**The task:**
The required answer is an exact copy of every line from the beginning of the entries through the line with "alternate costumeanimal earsarmorbowfull", with all pictures omitted.

START Provided entries

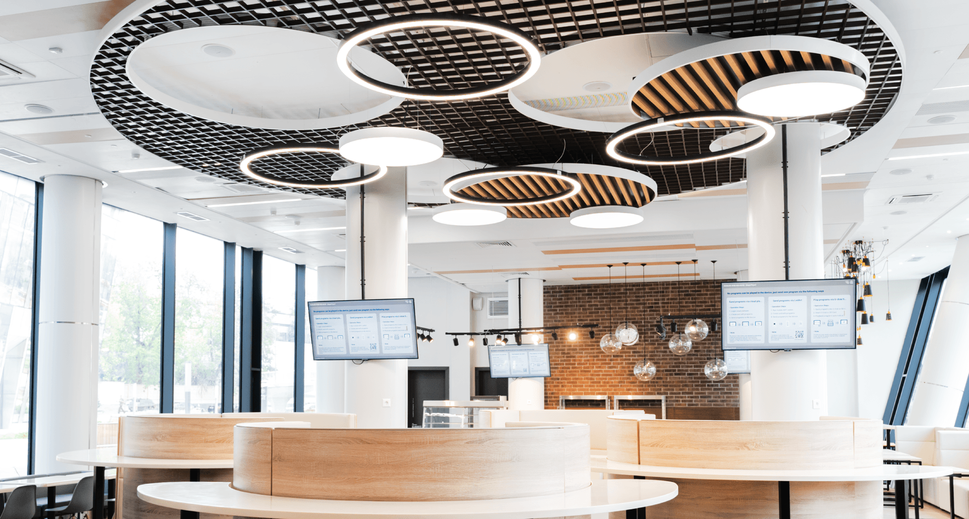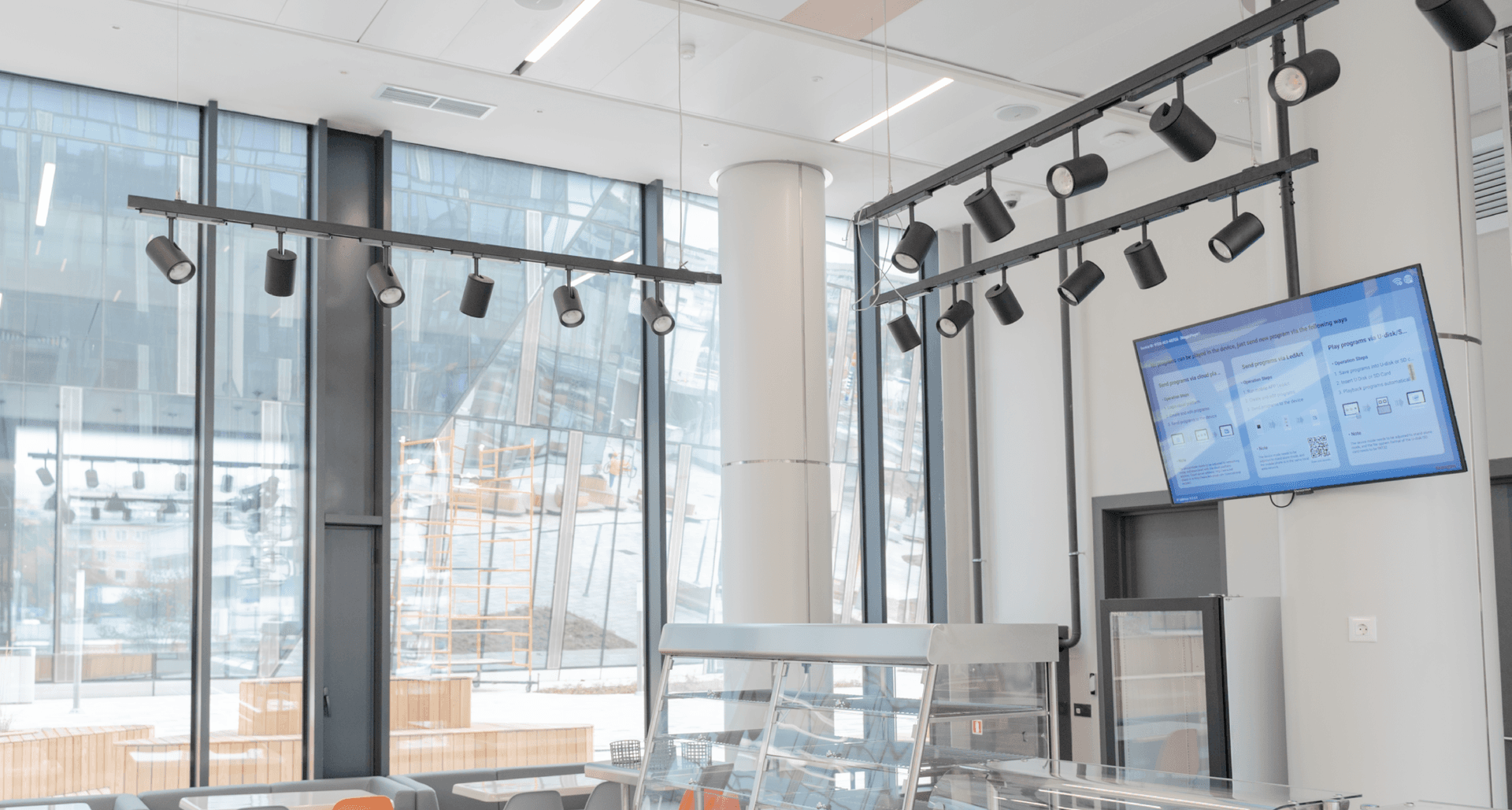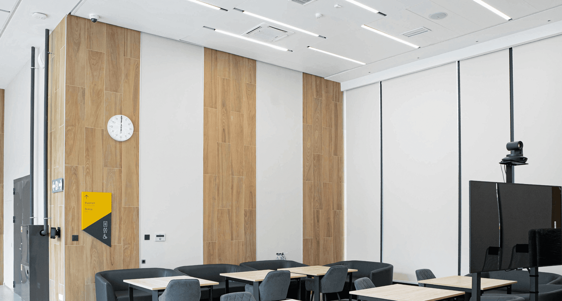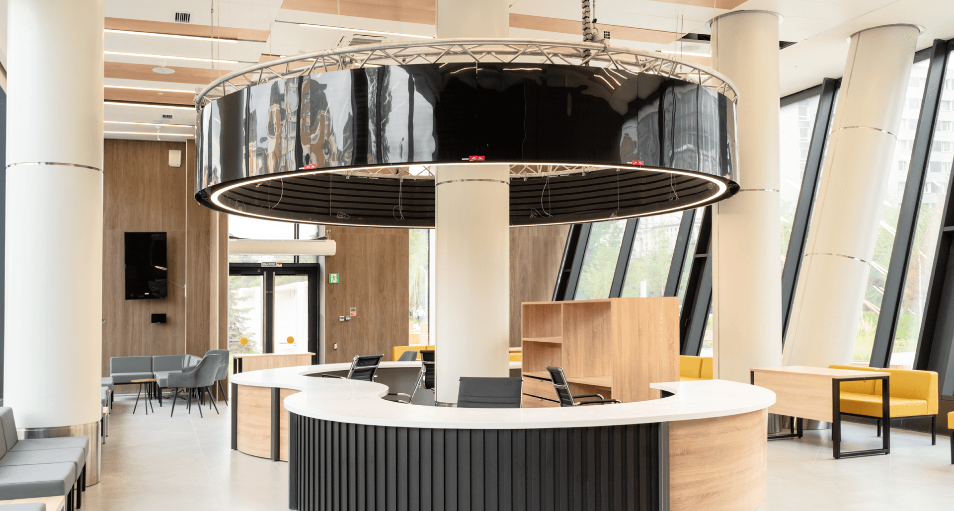 Основу светового решения составляют линейные светильники PROFILE 60L P LED и T120 LED. Наиболее эффектные решения, создающие уютную атмосферу в общественных зонах, – это круги CYCLE P LED, OREOL FLD/P и SOL S LED, а также даунлайты SAFARI DL LED и COLIBRI DL LED.
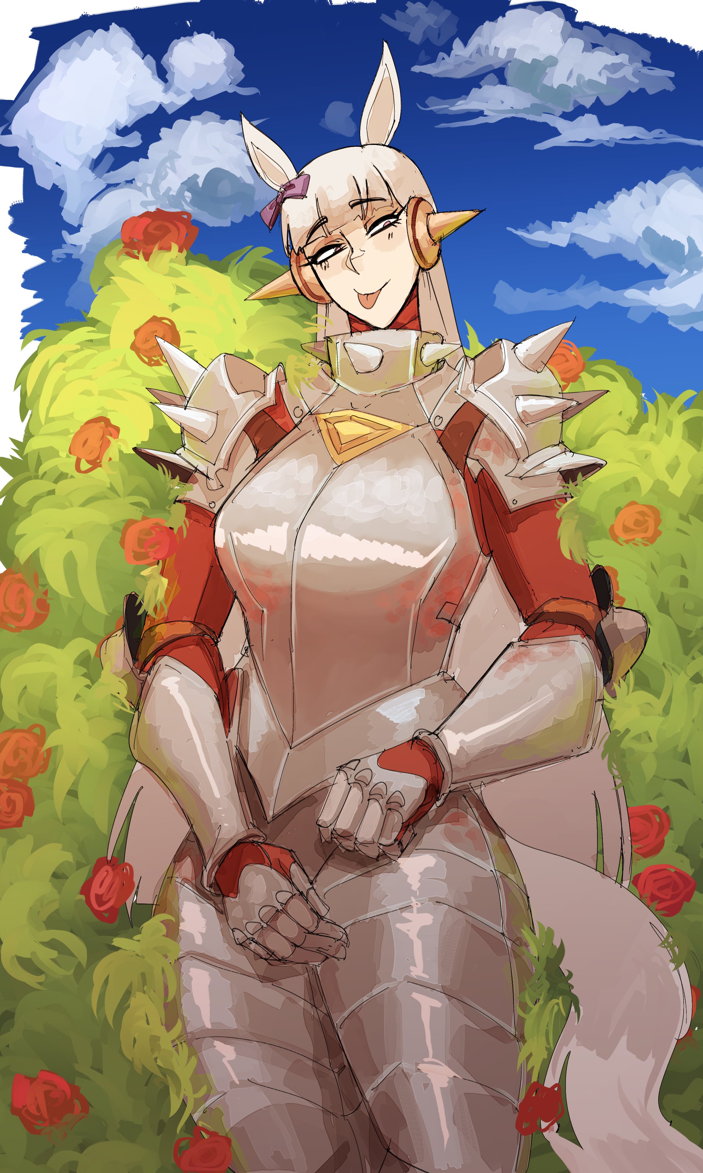 alternate costumeanimal earsarmorbowfull armorgrey tailhorse earshorse girlhorse tailknightmedievalpurple bowtailtonguetongue out
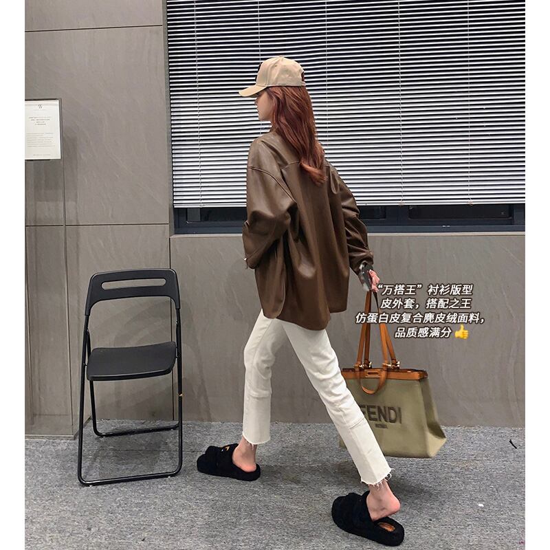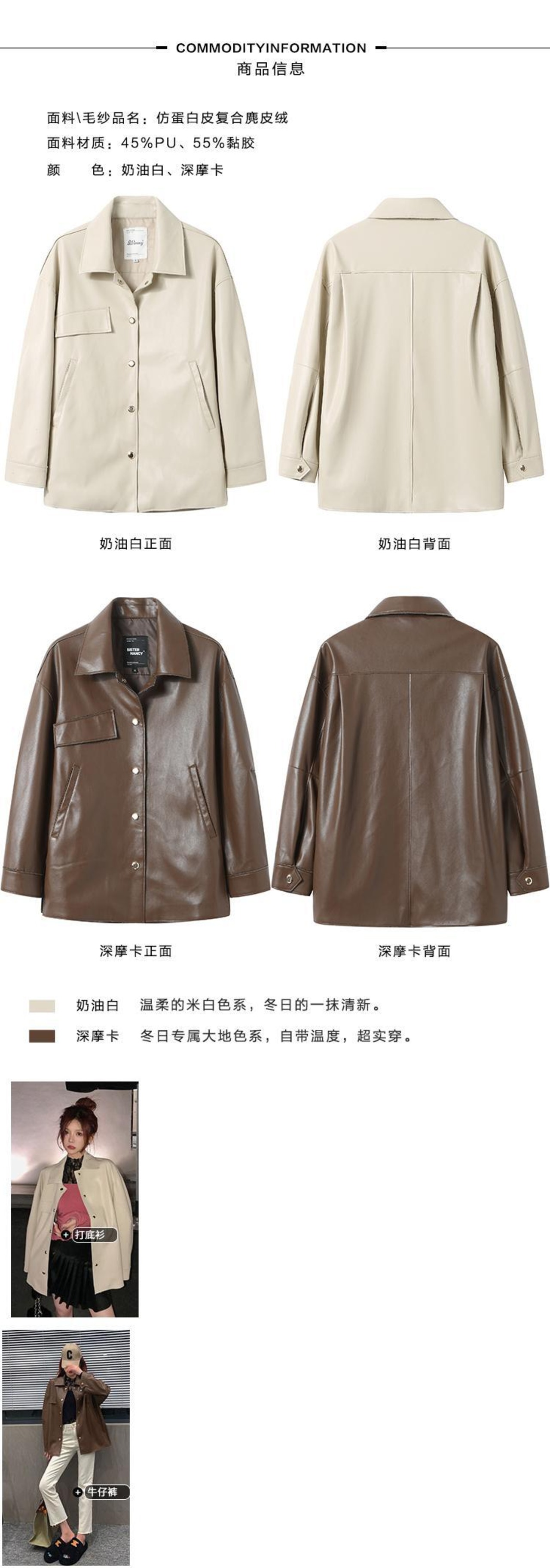 南西姉妹のワンタワンシャツとレザーの2021年秋冬新作ホワイトオールマッチルーズショートジャケットトップ s2812170562050983
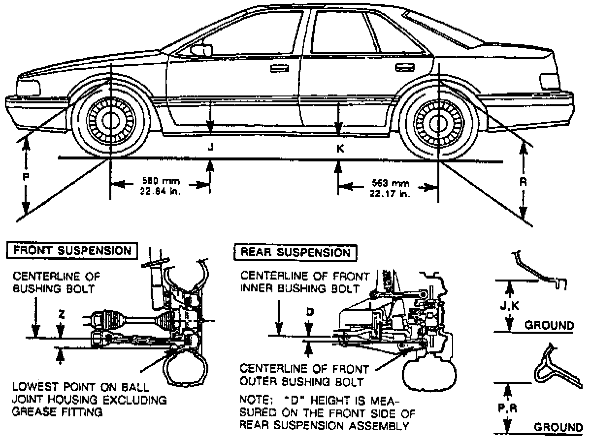 Refer to Fig. 6, for ride height measurements and specifications below. When checking ride height measurements, fuel tank should be full, tires should be at correct pressure, front seat should be rearward position, truck should be empty except for spare tire and jack and vehicle should be on level ground. If fuel tank is not full, add weight to trunk to compensate for amount of fuel vehicle is below the full level. Prior to checking ride height, lift front bumper upward approximately 1.5. inches and gently release (3 times), then check front ride height. Push front bumper downward approximately 1.5 inches and gently release (3 times), then recheck front ride height. Average both readings to determine vehicle ride height. Check rear ride height in same manner, lifting and pushing rear bumper.
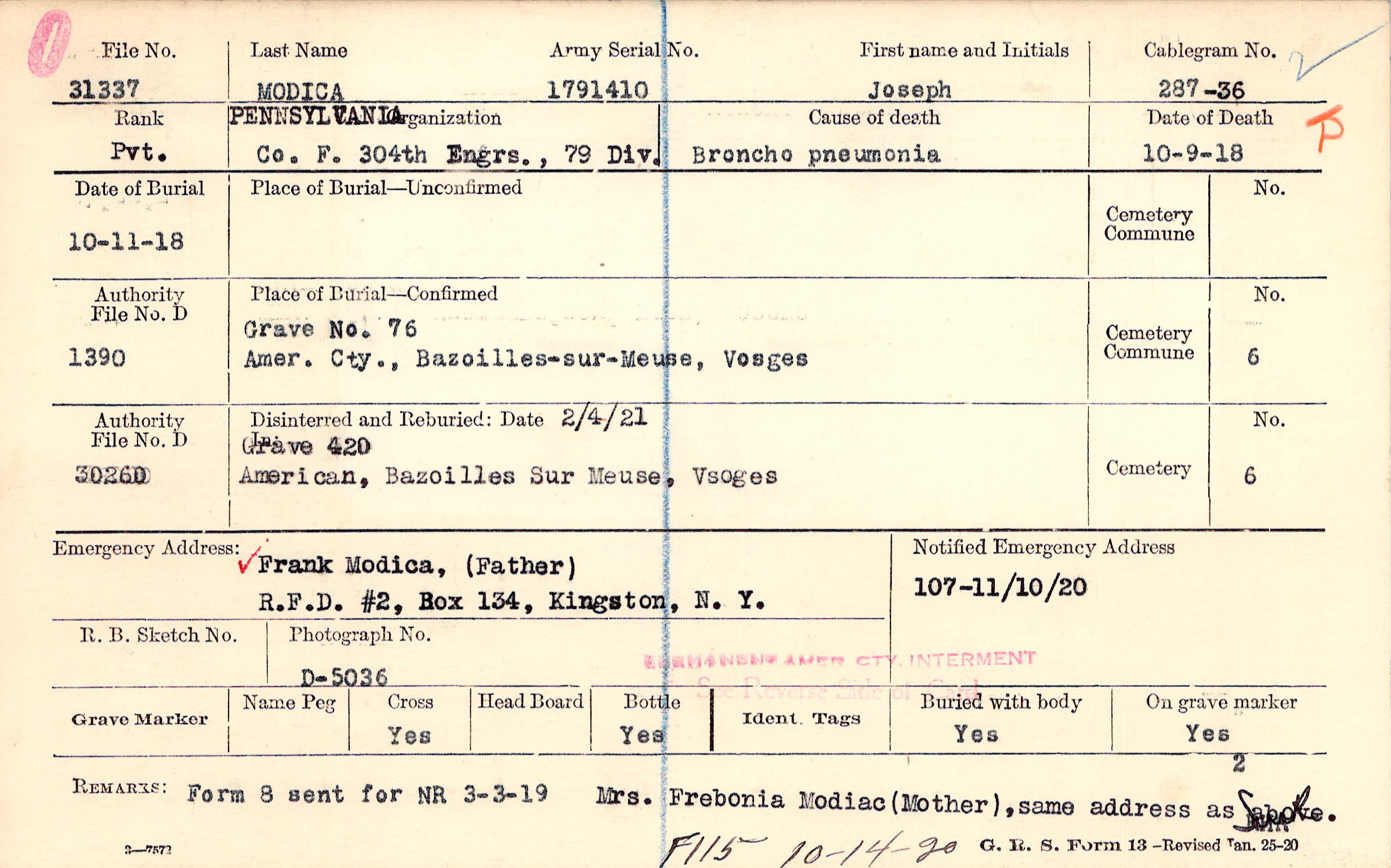 Frank Modica, (Father), R.F.D. #2, Box 134, Kingston, N. Y.

END Provided entries

**Answer for the task:**
 Основу светового решения составляют линейные светильники PROFILE 60L P LED и T120 LED. Наиболее эффектные решения, создающие уютную атмосферу в общественных зонах, – это круги CYCLE P LED, OREOL FLD/P и SOL S LED, а также даунлайты SAFARI DL LED и COLIBRI DL LED.
 alternate costumeanimal earsarmorbowfull armorgrey tailhorse earshorse girlhorse tailknightmedievalpurple bowtailtonguetongue out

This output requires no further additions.